I've included a sleep 1
between aptly snapshot drop
calls and the current running job appears to be getting further along than previous tests. I will confirm/update again after the current pruning job completes.
After doing some more testing, this seems to have been a levelDB ulimit issue. Will update again with final confirmation, but it looks like up'ing the ulimit on the server in question has resolved the issue.
We've just encountered the same issue on our production Aptly server after 1-2 years in operations. Several daily and weekly snapshots are created including a full Ubuntu mirror and a few repos. The DB is currently 3GB of size.
The problem first occurred when our monitoring check script reported that the MANIFEST was corrupted. After running aptly db recover
we could no longer see any resources at, all mirrors, repos, etc. were gone.

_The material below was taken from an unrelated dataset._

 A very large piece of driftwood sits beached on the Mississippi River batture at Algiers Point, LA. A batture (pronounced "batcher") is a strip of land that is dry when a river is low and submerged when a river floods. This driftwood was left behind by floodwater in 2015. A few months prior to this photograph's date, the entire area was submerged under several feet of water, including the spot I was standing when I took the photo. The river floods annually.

Aptly didn't complain about any ulimit limitations etc. but strace
gave away some hints into that direction. Based on this GH issue we decided to increase the max open files limit from 1024
to 32768
which fixed everything:
repo soft nofile 32768
repo hard nofile 32768
Thanks a lot for the hint @esko997 !
As a feature request could Aptly be more verbose about such issues and not just continue to "work"? Or did I miss some log entries or similar?
@karras it sounds like we have very similar aptly deployments.

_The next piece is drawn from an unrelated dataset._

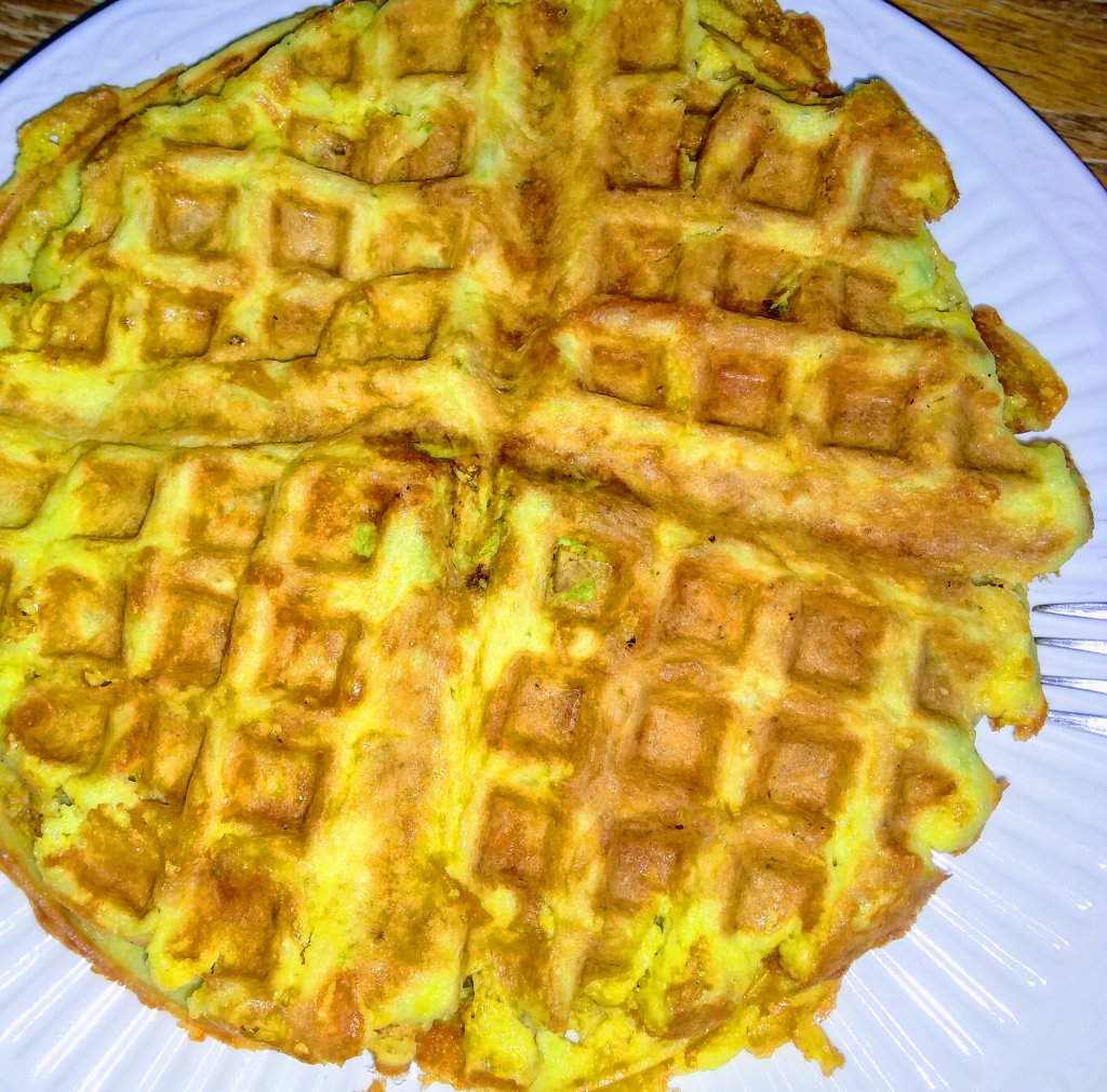 1 egg, 1/2 c of shredded cheese, 1 tbs of almond flour, and 1/2 tsp of baking powder per waffle. I added a half of avocado to the mix.

For the sake of posterity, the final iteration of the snapshot prune script that started this thread includes sleeps between every n number of snapshots dropped (where n is something like total snapshots / 10), to give the system time to close open file handles. We've seen lower overall prune job times with this addition to the pruner script, hopefully this information helps.
Hi all, I ran into this issue as well. My script was deleting thousands of snapshots in a loop. Suddenly, everything was gone. I'm using aply 1.4.0. I have a backup and @esko997 and @karras helped a lot with their comments. I will try their workarounds. However, I think that this issues is worth being investigated and solved since data loss is critical. Are there any plans in that direction? Best Jan
Using aptly 1.4.0 here in a CI/CD environment. Started to get these issues today, after about 2 years of constant use. We don't keep old snapshots and run constant db cleanups, but still have reached this limit. I'm unsure if this should be considered an aptly issue, unless this actually is happening due to some kind of "leak" in the DB. A bigger DB should be expected to require more open files... Perhaps a note on the readme with advice on the open file limits?
@rzippert I agree this is not /really/ an aptly bug. With that said, it can be scary from a user perspective when it looks like you're entire deployment disappeared. I think some kind of communication around it would be useful.
That might come in the form of either a note in the documentation about awareness of open file limits, or a warning/error if aptly can't open a file. I'm not familiar with the codebase or golang but I'll take a look and if I feel up to it submit a PR along the above lines.
After fat fingering a running snapshot prune process (
aptly snapshot drop
), I am unable to view anything in the relevant aptly instance. The snapshot in question was not being used by a published endpoint.I got the following error when first running a script:
ERROR: unable to load list of repos: snapshot with uuid e87d3b31-a1d9-4e3d-aef6-849ac840f7c1 not found
After, I tried the following and got the below results:
I have already run aptly db recover which ran successfully (I backed up the database before this). Additionally, there are still 10262 files in the db/ directory.
This aptly server is currently running on Ubuntu 16.04 and was recently upgraded from aptly 0.9.7 to aptly 1.3.0.
Any assistance is greatly appreciated.